As far as magic goes, The Order of Blood and Ruin takes place in the Magiford Supernatural City world (also seen in Hall of Blood and Mercy and Court of Midnight and Deception), a world inhabited by wizards, vampires, werewolves, fae, and — until a couple of hundred years ago — elves. (There are dragon shifters in the world, too.) All of them have varying magical abilities (as described below). 
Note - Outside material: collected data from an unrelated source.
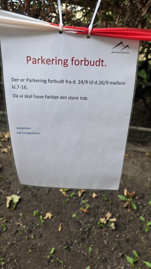 Fældningen af træet vil påvirke parkeringsforholdene. Vi beder jer derfor være opmærksomme på følgende:
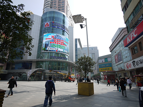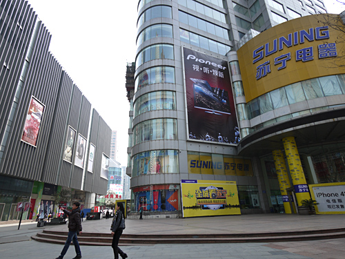 新街口の入り口にある中国最大の家電量販店チェーンの蘇寧電器。このほか、近くもう1店舗ある(3月21日撮影)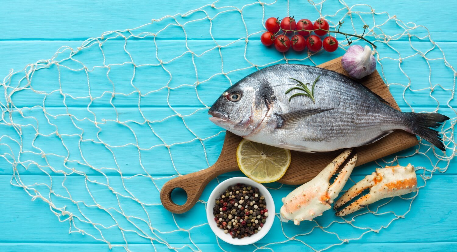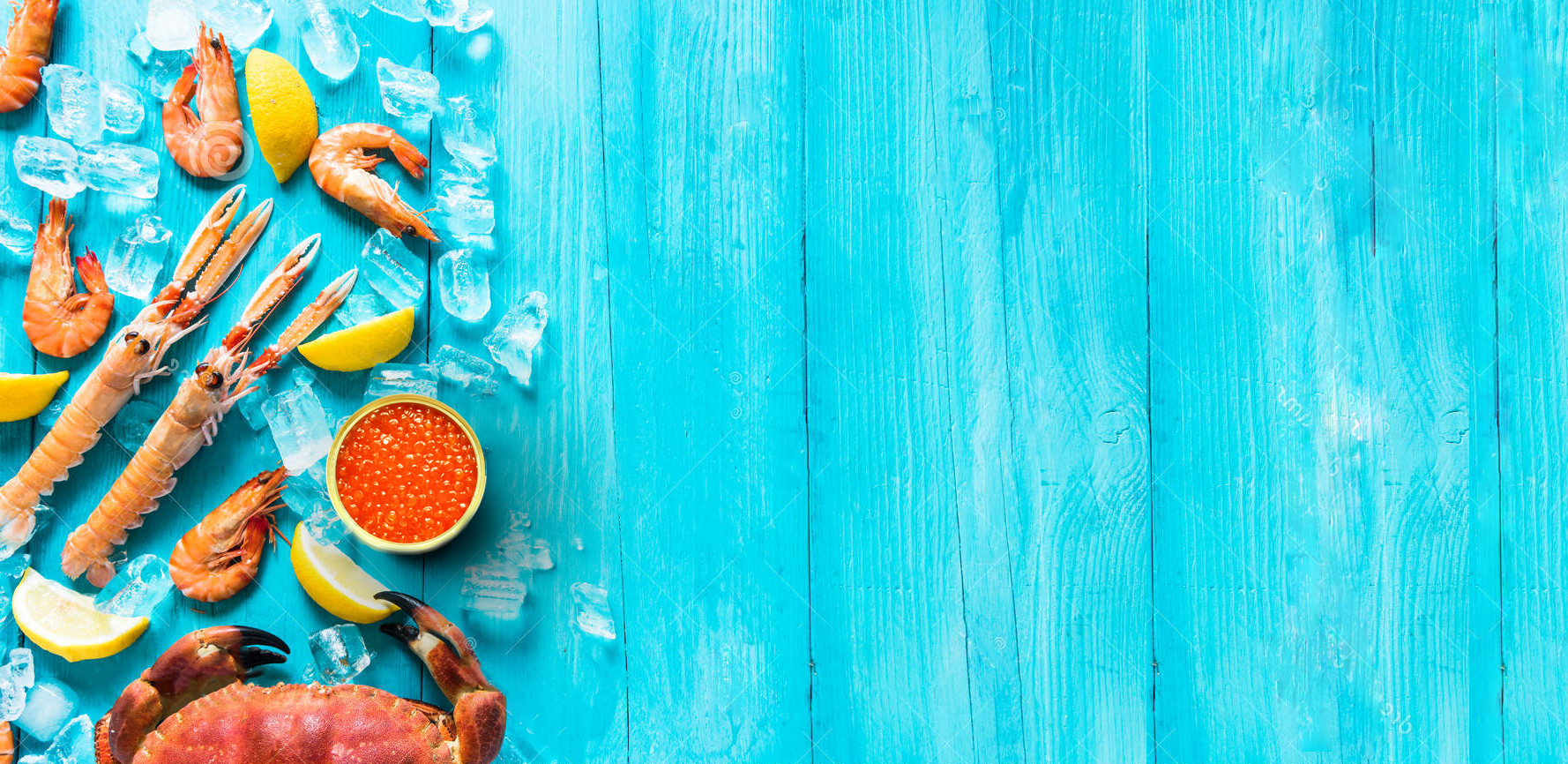 Морепродукты на голубом фоне

  • Wizards have magical houses and the ability to “bend the elements to our will — like fire, wind, water, you get the point — and fight or defend with raw magic.’ (Quoted from Hall of Blood and Mercy #1.)
  • “The fae are in a similar but opposite position. Since they have to use things to channel the magic for them, they can use magic for things like sealing powers, disguises, embedding a spell in an item, a strain of hypnosis, and so on.” (Quoted from Hall of Blood and Mercy #1.)
  • Vampires are typical vampires, except sunlight only makes them weaker and uncomfortable. They have enhanced senses and are faster than werewolves but not as strong.
  • Werewolves are typical werewolves who can shift at will. They, like vampires, have enhanced senses. (See difference above.)
  • Though elves aren’t present, certain elven artifacts and spells are around. Due to the elves’ ability to create magic simply by existing, elven items are extremely powerful and have varying effects.
  • Dragon shifters are the only shifters capable of casting magic.
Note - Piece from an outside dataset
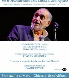 Francavilla al Mare. Un “Concerto di Gala” con la partecipazione dell’attore cinematografico, televisivo e teatrale Pino Ammendola, con il Maestro Davide Cavuti (che firma anche la direzione artistica della serata) e l’ensemble composto dal tenore Nunzio Fazzini, dal soprano Rosalba Nicolini e dalla pianista Giada Di Febo si terrà domenica 8 dicembre alle ore 19 (ingresso libero) per il quarantennale dell’inaugurazione della Chiesa di Sant’Alfonso a Francavilla al Mare. La serata sarà condotta dalle giornaliste Gigliola Edmondo e Ilaria Muccetti ed è stata ideata da Padre Massimiliano Guardini e dal maestro Davide Cavuti. In programma brani di César Franck, Pietro Mascagni, Franz Lehar; Giacomo Puccini e Giuseppe Verdi. L’attore Pino Ammendola reciterà il testo “Quanno nascette ninno” di Sant’Alfonso de’ Liguori da cui deriva il celebre canto natalizio “Tu scendi dalle stelle”.

Most violence in The Order of Blood and Ruin revolves around Jade’s job as a member of the Curia Cloisters’ Magical Response Task Force, including suppressing werewolves who were “attacking a dwarf on Main Street” and three fae fights (one leads to a kidnapping and one happens off-page), battling a dragon shifter (twice), and the suppression of some House Tellier wizards. Aside from that, there is a battle between vampire slayers and a group of mercenary fae, vampires, and werewolves and Considine and Jade mention repaying a favor by going to Iowa to “stalk ravenous vampires.”

Drug And Alcohol Content 

Jade thinks about making a Christmas cocktail,  Considine mentions drunk wizards and wine bars, and champagne and wine are consumed at a vampire gala, but those are the only references to drugs or alcohol throughout The Order of Blood and Ruin.

Sexual Content

There are 19 kisses between Considine and Jade: 6 descriptive and 13 non-descriptive.

Swearing Or Foul Language

  • Two uses of h-ll

My Take On The Order of Blood and Ruin by K. M. Shea

Finally, a Magic on Main Street book that lives up to the stellar reputation K. M. Shea earned with the first Magiford trilogy! I kinda wish she had split The Order of Blood and Ruin in half and used the first half to replace a lot of the fluff from book two, but, hey, better late than never.

About K. M. Shea

K. M. Shea is a fantasy-romance author who never quite grew out of adventure books or fairy tales, and still searches closets in hopes of stumbling into Narnia. She is addicted to sweet romances, witty characters, and happy endings.